··· Extracted information ···

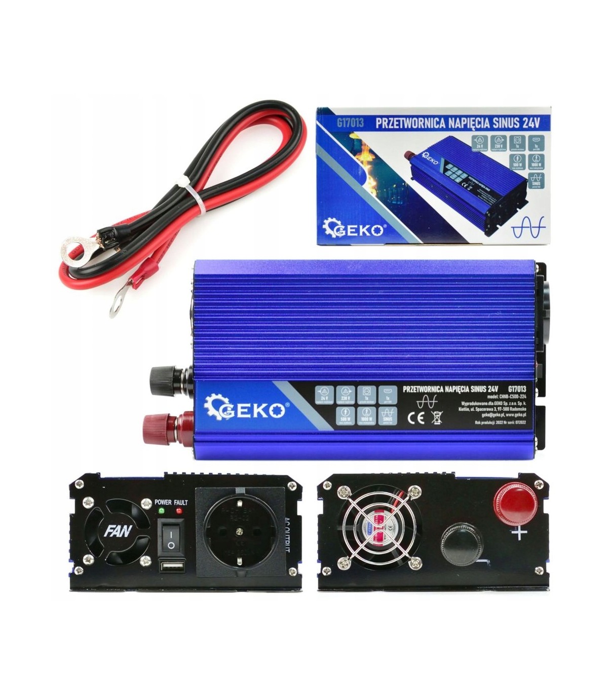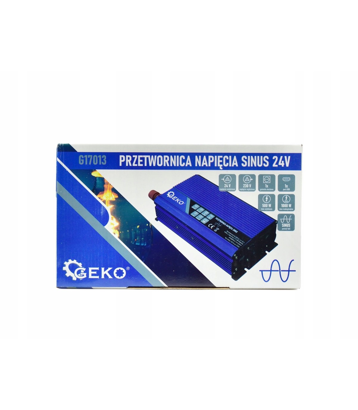 Przetwornica samochodowa GEKO G17013 24V do 230V czysta sinusoida 500W/1000W
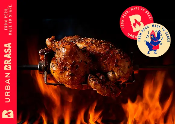 Slow-roasted rotisserie chicken infused with bold spices and incredible smoky taste. Not your regular rotisserie chicken — this is Peruvian charcoal-fired chicken, juicy, crispy, and packed with unforgettable flavor
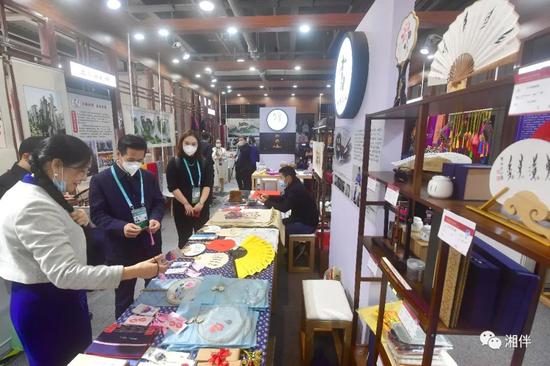 湖南非遗专题展示馆,14项湖南国家级非物质文化遗产亮相进博会。湖南日报首席记者 郭立亮 摄湘西的土家族织锦技艺、长沙的湘绣、益阳的黑茶制作技艺、浏阳的石雕(菊花石雕)、江永的女书习俗……非遗传承人现场演示制作过程、展示制作技艺,让海内外观众互动参与,感受湖南非遗魅力。
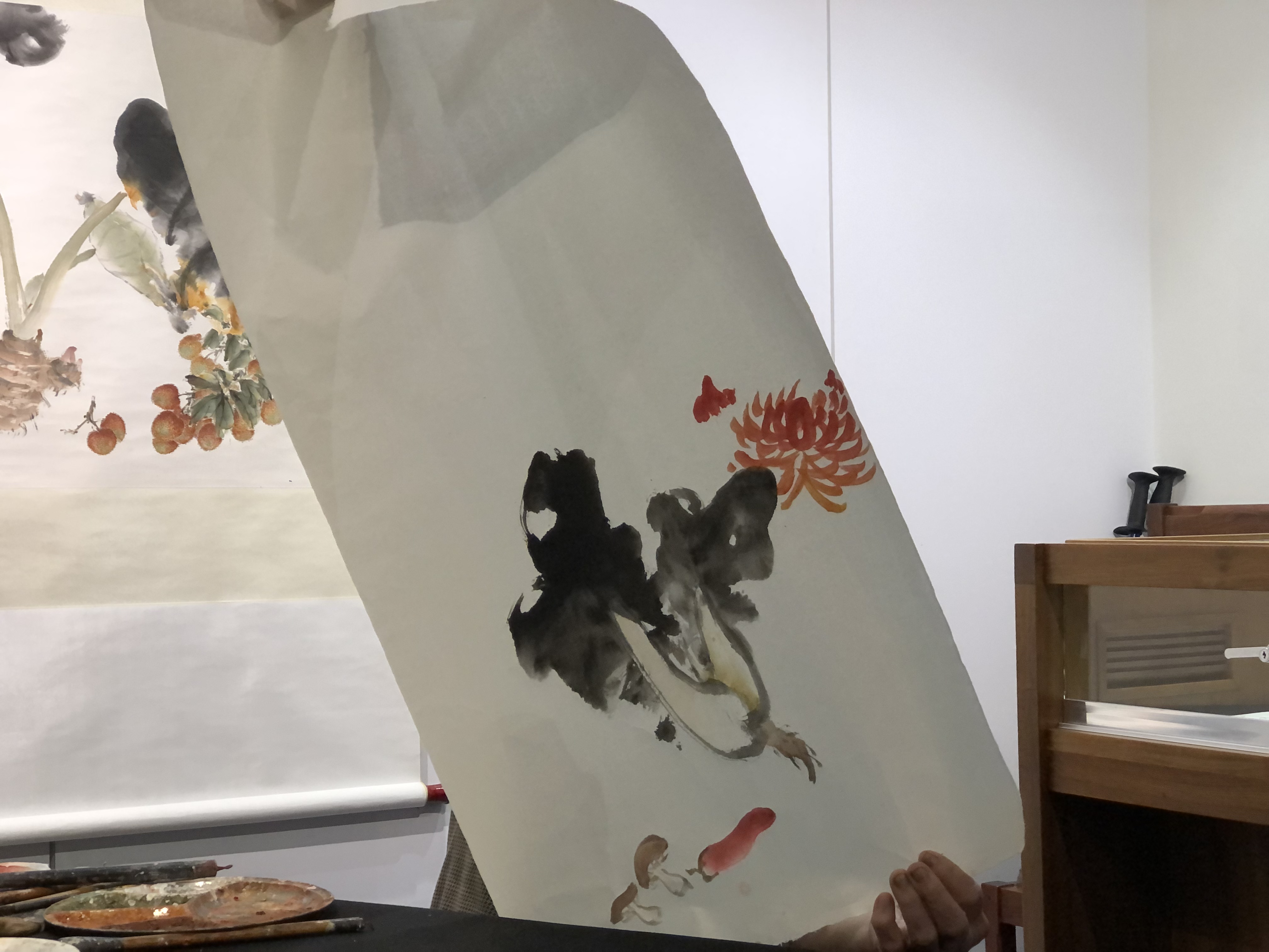 緊接著,他拿起棉紙(也可能是宣紙,外行的我目視卻沒仔細詢問呢!),兩面審視,細看是光滑面還是粗糙面,翻了兩番,才將紙攤平。我意識到他花在調色、蘸水、沾紙吸水的時間似乎遠比下筆繪畫的時間長,不時見他拿著筆左右上下點水、磨墨,一會兒說「顏色太深喔」,一會兒又說「太濕喔」,又一會兒說「顏色不夠」… ,「這筆不好喲」,「這什麼喲?高高低低的… 」(桌子不平緣故),「要小心喲,不能太濃,也不能太淡」,又提到羊毫和狼豪的差別,影響畫質與效果,說著說著便翻到畫紙背面,看看滲透的情形,每個步驟彷彿步步為營般… 只見他手執筆不曾停過,甚至直接把筆倒過來,用筆頭沾點色彩,在大毛筆腰上圍(毛筆的胸膛部位)橫添一抹墨色,怎知這一下筆,只見黑墨一大撇一大撇濡染,兩旁線條分明,一個影像赫然出現,我們從這頭兒看過去只是一抹一抹的黑,中間兒帶點乳白,畫家將畫轉過來向著觀眾,大家一看,驚之嘆之:「哇!白菜耶」。那當兒,我心裡其實有另一個影像,直覺太妙了。我看到的是「奶油白菜」!我認為,大家印象中的(大)白菜,它的白色肌理平直而有纖維,黃綠色的葉片部分包的比較緊實,或者,直觀認為形似故宮的「翠玉白菜」,但是畫布上的綠葉部分有點像外葉(比青江菜茂密繁華),像「燙頭髮」的大捲皺摺,而且白色的部分,每葉的寬度不若白菜寬闊,較飽實,有肥嫩多汁感,葉片部分黑的層次就像奶油白菜深綠的葉子。以前沒有奶油白菜這個品種,或許年輕學子不清楚蔬菜的種類品名變化,在我這個煮婦眼裡,奶油白菜更貼近,實為首選。旁邊兩顆香菇逗趣,一支紅辣椒,可愛至極 (只不過是兩撇,不是嗎?唉!這藝術的「形而上」簡直變成哲學的「形而上」的沈思了!)。畫家這幅蔬菜畫教導大家如何使用顏色與色差,而不是「原色」的「塗畫」或「徒畫」。
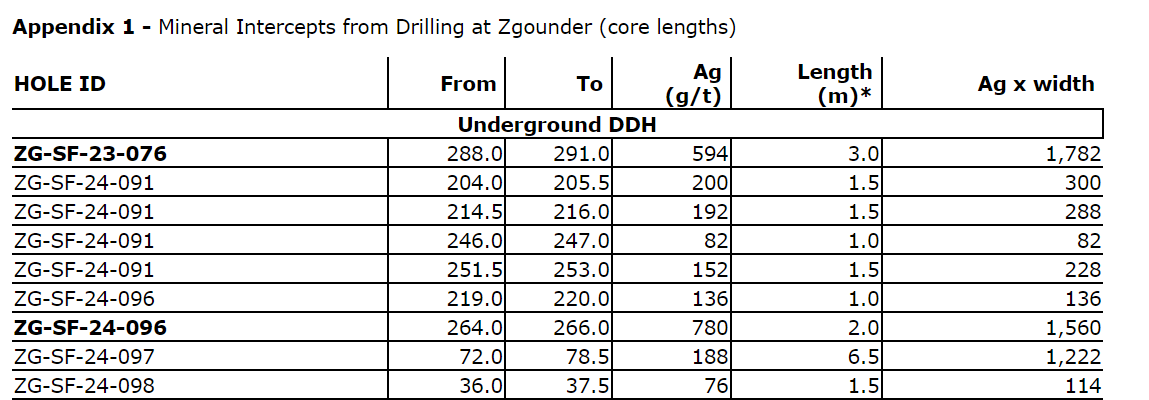 "Today's high-grade drill results, including holes DZG-SF-24-018 and DZG-SF-24-025, continue to confirm high-grade continuity of silver mineralization at Zgounder," said Benoit La Salle, president and chief executive officer. "Furthermore, we are pleased with the new silver-rich intercepts near the granite contact, demonstrating strong resource potential at depth at Zgounder. We currently have four underground rigs turning and expect more significant drill results in the coming months."

···

Every line from the one containing "Slow-roasted rotisserie chicken" to the last line of the material must be returned exactly. Leave out any pictures.

# Output of the task
 Slow-roasted rotisserie chicken infused with bold spices and incredible smoky taste. Not your regular rotisserie chicken — this is Peruvian charcoal-fired chicken, juicy, crispy, and packed with unforgettable flavor
 湖南非遗专题展示馆,14项湖南国家级非物质文化遗产亮相进博会。湖南日报首席记者 郭立亮 摄湘西的土家族织锦技艺、长沙的湘绣、益阳的黑茶制作技艺、浏阳的石雕(菊花石雕)、江永的女书习俗……非遗传承人现场演示制作过程、展示制作技艺,让海内外观众互动参与,感受湖南非遗魅力。
 緊接著,他拿起棉紙(也可能是宣紙,外行的我目視卻沒仔細詢問呢!),兩面審視,細看是光滑面還是粗糙面,翻了兩番,才將紙攤平。我意識到他花在調色、蘸水、沾紙吸水的時間似乎遠比下筆繪畫的時間長,不時見他拿著筆左右上下點水、磨墨,一會兒說「顏色太深喔」,一會兒又說「太濕喔」,又一會兒說「顏色不夠」… ,「這筆不好喲」,「這什麼喲?高高低低的… 」(桌子不平緣故),「要小心喲,不能太濃,也不能太淡」,又提到羊毫和狼豪的差別,影響畫質與效果,說著說著便翻到畫紙背面,看看滲透的情形,每個步驟彷彿步步為營般… 只見他手執筆不曾停過,甚至直接把筆倒過來,用筆頭沾點色彩,在大毛筆腰上圍(毛筆的胸膛部位)橫添一抹墨色,怎知這一下筆,只見黑墨一大撇一大撇濡染,兩旁線條分明,一個影像赫然出現,我們從這頭兒看過去只是一抹一抹的黑,中間兒帶點乳白,畫家將畫轉過來向著觀眾,大家一看,驚之嘆之:「哇!白菜耶」。那當兒,我心裡其實有另一個影像,直覺太妙了。我看到的是「奶油白菜」!我認為,大家印象中的(大)白菜,它的白色肌理平直而有纖維,黃綠色的葉片部分包的比較緊實,或者,直觀認為形似故宮的「翠玉白菜」,但是畫布上的綠葉部分有點像外葉(比青江菜茂密繁華),像「燙頭髮」的大捲皺摺,而且白色的部分,每葉的寬度不若白菜寬闊,較飽實,有肥嫩多汁感,葉片部分黑的層次就像奶油白菜深綠的葉子。以前沒有奶油白菜這個品種,或許年輕學子不清楚蔬菜的種類品名變化,在我這個煮婦眼裡,奶油白菜更貼近,實為首選。旁邊兩顆香菇逗趣,一支紅辣椒,可愛至極 (只不過是兩撇,不是嗎?唉!這藝術的「形而上」簡直變成哲學的「形而上」的沈思了!)。畫家這幅蔬菜畫教導大家如何使用顏色與色差,而不是「原色」的「塗畫」或「徒畫」。
 "Today's high-grade drill results, including holes DZG-SF-24-018 and DZG-SF-24-025, continue to confirm high-grade continuity of silver mineralization at Zgounder," said Benoit La Salle, president and chief executive officer. "Furthermore, we are pleased with the new silver-rich intercepts near the granite contact, demonstrating strong resource potential at depth at Zgounder. We currently have four underground rigs turning and expect more significant drill results in the coming months."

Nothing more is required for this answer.